### Stored data:
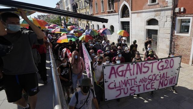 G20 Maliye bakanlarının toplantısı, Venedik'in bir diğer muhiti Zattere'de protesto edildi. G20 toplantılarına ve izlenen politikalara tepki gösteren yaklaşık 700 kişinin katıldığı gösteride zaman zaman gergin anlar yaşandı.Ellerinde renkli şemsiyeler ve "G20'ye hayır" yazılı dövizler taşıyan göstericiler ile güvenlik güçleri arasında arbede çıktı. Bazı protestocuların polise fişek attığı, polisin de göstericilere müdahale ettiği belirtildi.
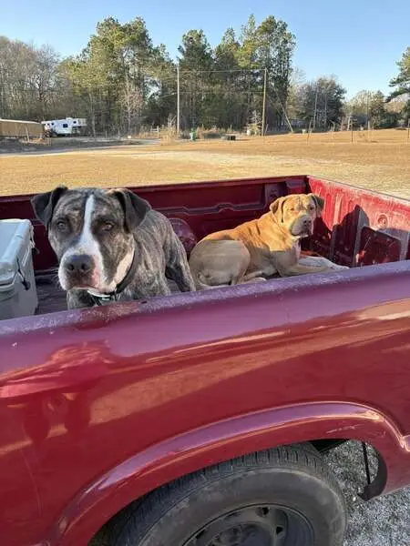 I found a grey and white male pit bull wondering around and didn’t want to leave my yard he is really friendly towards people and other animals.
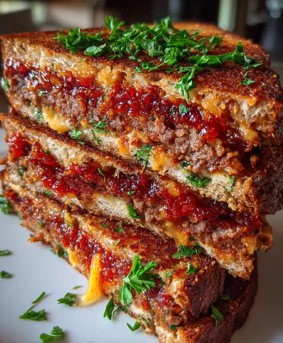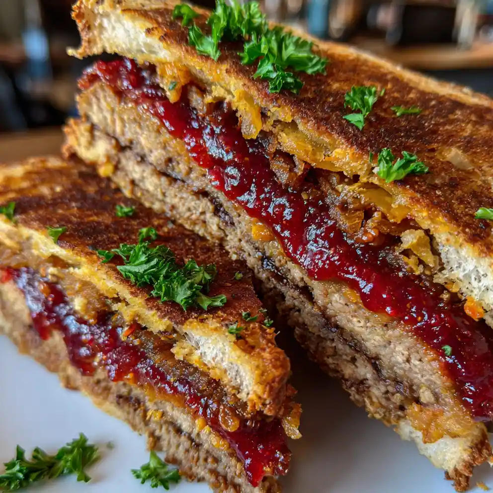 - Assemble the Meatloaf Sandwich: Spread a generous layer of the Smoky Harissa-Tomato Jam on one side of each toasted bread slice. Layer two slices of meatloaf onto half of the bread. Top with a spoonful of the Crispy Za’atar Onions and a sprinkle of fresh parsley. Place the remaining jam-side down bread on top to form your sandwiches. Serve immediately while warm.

### Exercise requirements:
All of the listing should be transcribed exactly, but none of its images.

### Response to the task:
 G20 Maliye bakanlarının toplantısı, Venedik'in bir diğer muhiti Zattere'de protesto edildi. G20 toplantılarına ve izlenen politikalara tepki gösteren yaklaşık 700 kişinin katıldığı gösteride zaman zaman gergin anlar yaşandı.Ellerinde renkli şemsiyeler ve "G20'ye hayır" yazılı dövizler taşıyan göstericiler ile güvenlik güçleri arasında arbede çıktı. Bazı protestocuların polise fişek attığı, polisin de göstericilere müdahale ettiği belirtildi.
 I found a grey and white male pit bull wondering around and didn’t want to leave my yard he is really friendly towards people and other animals.
 - Assemble the Meatloaf Sandwich: Spread a generous layer of the Smoky Harissa-Tomato Jam on one side of each toasted bread slice. Layer two slices of meatloaf onto half of the bread. Top with a spoonful of the Crispy Za’atar Onions and a sprinkle of fresh parsley. Place the remaining jam-side down bread on top to form your sandwiches. Serve immediately while warm.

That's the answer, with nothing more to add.